T. Berry Brazelton

T. Berry Brazelton’43D

T. Berry Brazelton, a December 1943 graduate, pediatrician, and child development expert who revealed that newborns communicate from the start and insisted on the importance of early mother-infant bonding, died March 13, 2018, at age 99. 

From an early age Dr. Brazelton had an uncanny ability to understand and communicate with infants, a skill he first honed calming his young cousins in Waco, Texas. Asked in an interview for an alumni profile in this magazine if a pediatrician needed to be in touch with the child in himself, Dr. Brazelton quipped: “A friend of mine says I’m the tallest 2-year-old he’s ever known!” 

His lifelong research in early child development helped doctors and parents realize that individuality is there right from the start and that if we listen carefully, newborns can tell us what they need and want. “That’s something that I’ve spent my whole life aware of,” he said in the interview. “I can look at a child, a newborn, and tell you just what he is trying to say without words.” 

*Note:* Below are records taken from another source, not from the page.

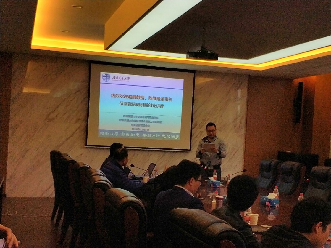 2018年11月5日上午9:30,由伟德国际1949、综合交通大数据应用技术国家工程实验室、中美青年创客交流中心联合举办的创新创业讲座——“自动驾驶的发展与台湾实践”在交运楼417会议厅成功举行。本次讲座的主讲人为来自台湾的赵鹏教授、陈维隆董事长。本次讲座由伟德国际1949刘晓波经理主持,出席本次讲座的嘉宾有:教务处特聘专家范怡红教授,信息学院无人驾驶研究团队的张翠芳教授、邹应全副教授、闫飞副教授,伟德国际1949的张光远副经理、唐优华副经理、郑芳芳经理助理、安全工程系马剑主任、交通工程系曹鹏副主任、物流工程系王坤老师等。
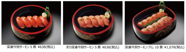 「銀のさら」の人気商品である「深浦今別サーモン」を、キャンペーン期間中、特別価格で販売いたします。5貫セットを2種類、またそれらを組み合わせた10貫セットを、期間限定でお得にお召し上がりいただけます。
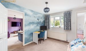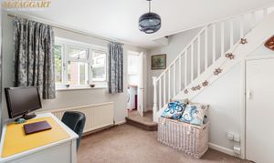The entrance hall has a downstairs WC with a integral cupboard housing a Worcester combi boiler, from the entrance hall the ground floor comprises of the following, a useful reception room / office space with a staircase rising to the first floor, utility room with space for a washing machine with a door to the rear garden and integral door to the garage, which has an up and over door and power and lighting. There is a separate living room with French doors onto the rear garden, and a kitchen dining area with a bay front window, the fitted kitchen has a selection of eye level and base units with wood effect work surfaces, space for an American fridge freezer, rangemaster oven, integrated dishwasher and overhead extractor fan.
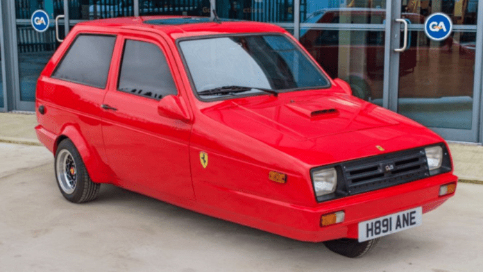 They say there are people who have “champagne tastes on a beer budget” and “caviar tastes on a tuna fish budget,” but now there’s an opportunity for someone to have “Ferrari tastes on a Reliant Robin budget” with the auction of an example of the latter made up to look like the former.
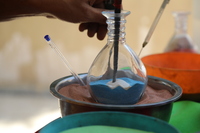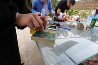 الأردن. العقبة، أعضاء فريق مشروع استدامة الإرث الثقافي بمشاركة المجتمعات المحلية خلال المشاركة في مجموعة من التجارب التي تقدمها عقباوي
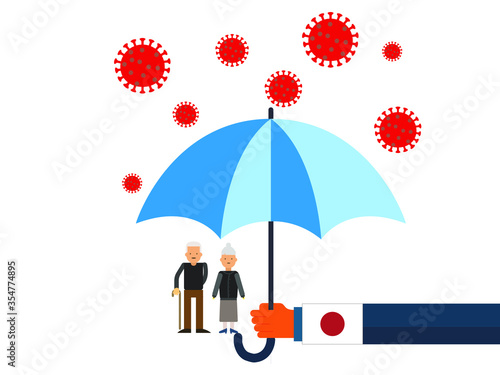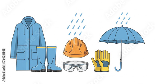 Rainy autumn vector flat style design illustration. Umbrella, raincoat, rubber boots, gloves, clouds, mushrooms, leaves and cup of tea with lemon. Autumn composition for web banner, website page etc.
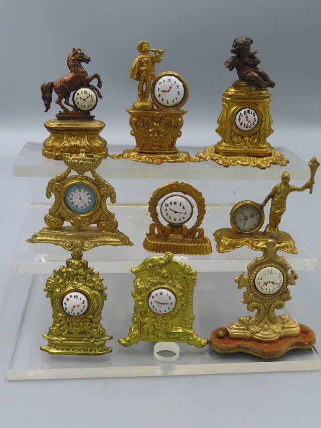 Collection of Ormolu Clocks Each measures 2" - 2-1/2" Price: Top row - $125 each! Middle/Bottom row - $100 each!
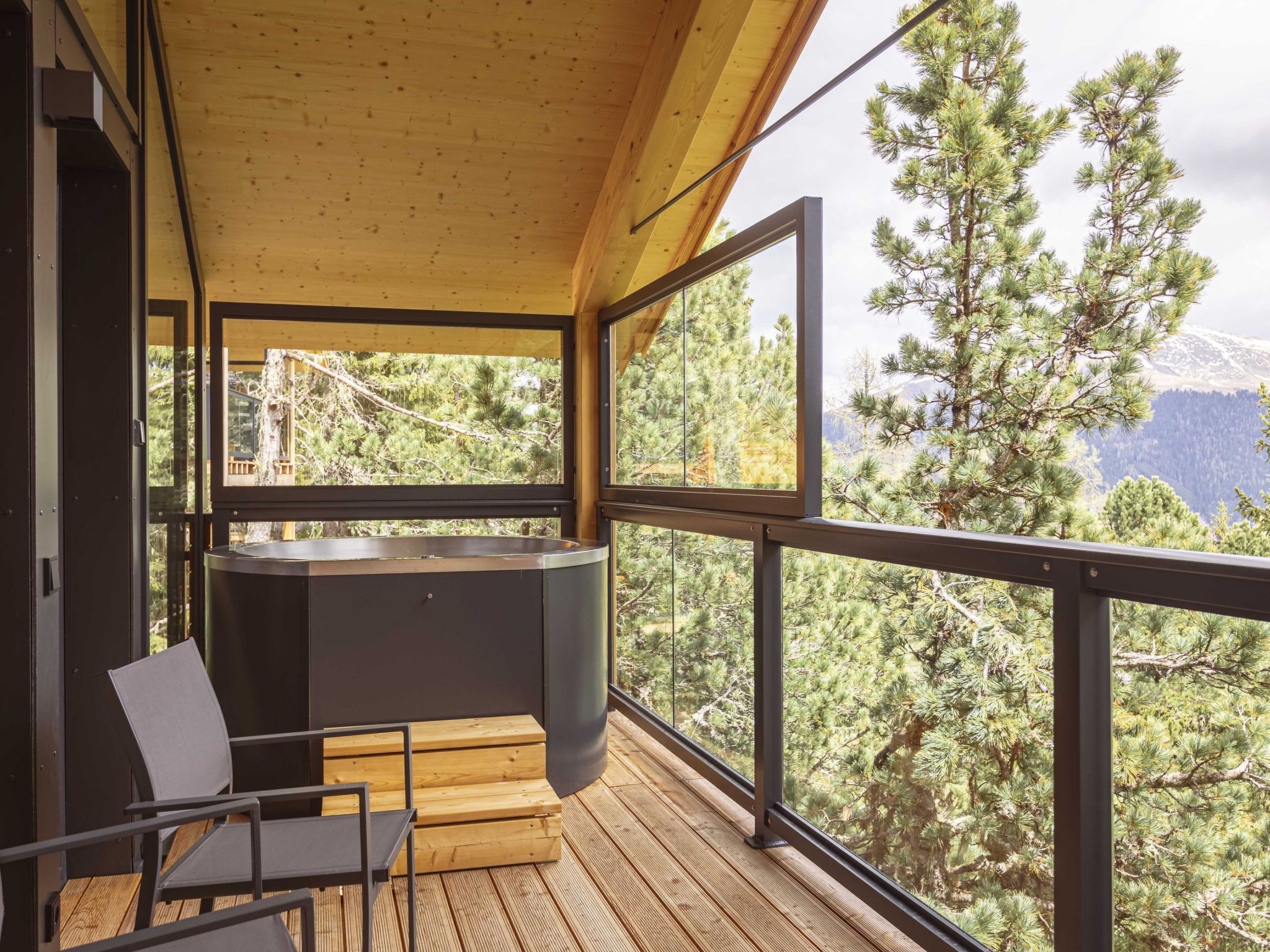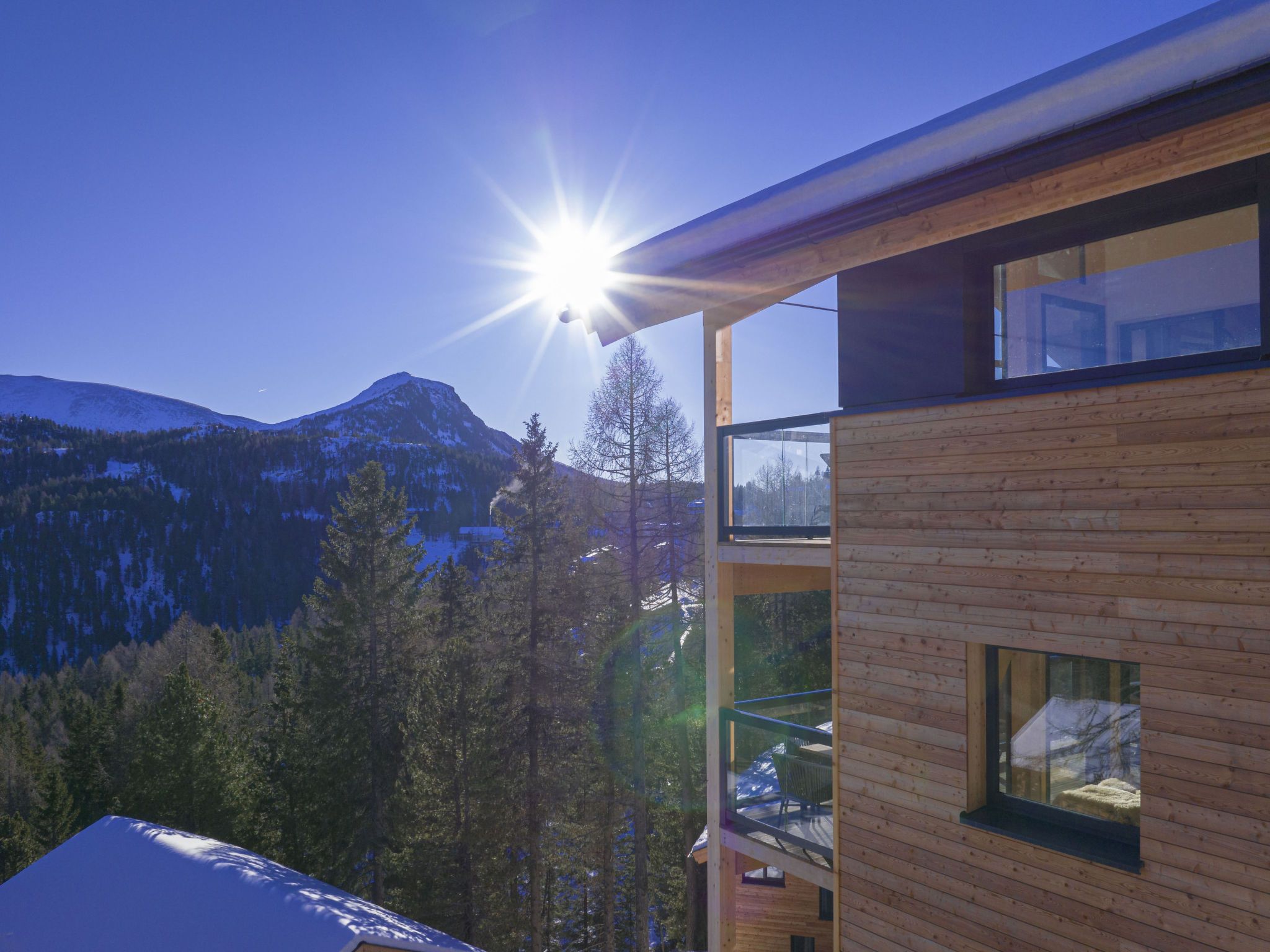 Turracher Höhe: Moderne, komfortable Ferienanlage Naturchalets Turracher Höhe by Alps, 1'700 m.ü.M.. 10 km vom Zentrum von Ebene Reichenau, ruhige, sonnige Lage am Hang, 2 km vom Skigebiet. Im Winter bitte Schneeketten mitbringen. Parkplatz beim Haus. Supermarkt 8 km, Bushaltestelle Predlitz 20 km, Bahnstation Predlitz 20 km. Skisportanlagen 2 km, Skiverleih 2 km, Skischule 2 km, Langlaufloipe 2 km. Bekannte Skigebiete sind gut erreichbar: Turracher Höhe.
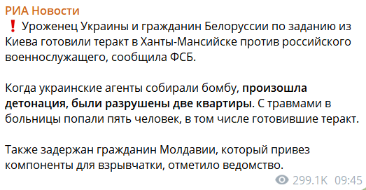 Conform sursei citate, în timp ce agenții ucraineni asamblau bomba, aceasta a detonat și două apartamente au fost distruse. Cinci persoane au fost transportate la spital cu răni, inclusiv cele care pregăteau atacul terorist.
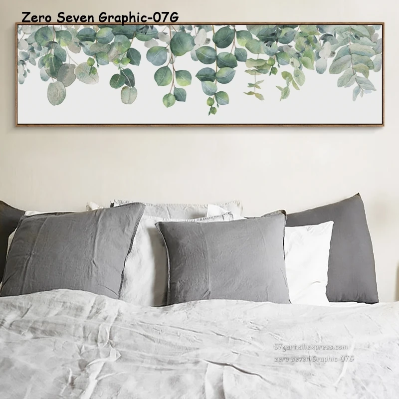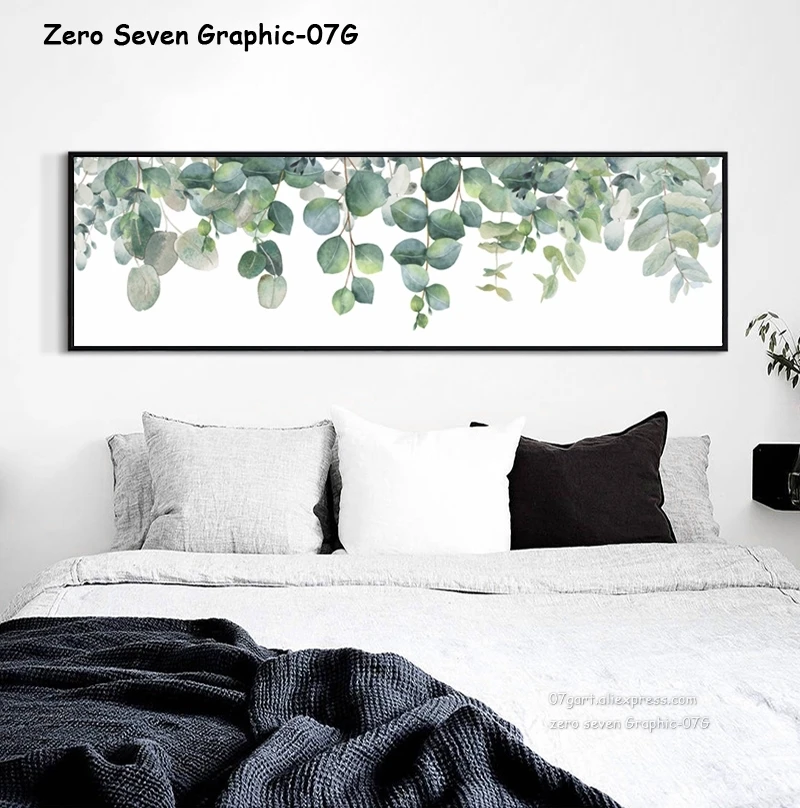 Картина на холсте, Скандинавская свежая зеленая акварель, лист эвка...

The Neonatal Behavioral Assessment Scale he developed in 1973 (known as “the Brazelton”) is now used worldwide as an evaluation tool to assess the physical and neurological responses of newborns as well as their emotional well-being. The author or editor of some 40 books and a regular child-rearing column in Family Circle magazine, Dr. Brazelton also applied his knowledge, skills, and child savvy as host of an Emmy Award-winning TV program, “What Every Baby Knows,” that ran for 12 years. Dr. Brazelton began a private pediatric practice in Cambridge, Mass., in 1950, continuing to see and consult with patients and their parents for many years. He later joined the pediatrics faculty at Harvard Medical School. In 1972 he helped found the Child Development Unit, a pediatric training and research center at Boston Children’s Hospital. The Brazelton Center for Infants and Parents, another unit he founded at Harvard Medical School, trains health care professionals worldwide in the effective use of his Neonatal Behavioral Assessment Scale. Harvard established a named chairmanship in pediatrics in his honor in 1995. He also received the World of Children Award in 2002, a Presidential Citizen’s Medal personally awarded by President Barack Obama in 2013, and many other honors. 

Preceded in death by his wife, Christina, he is survived by three daughters, a son, and five grandchildren.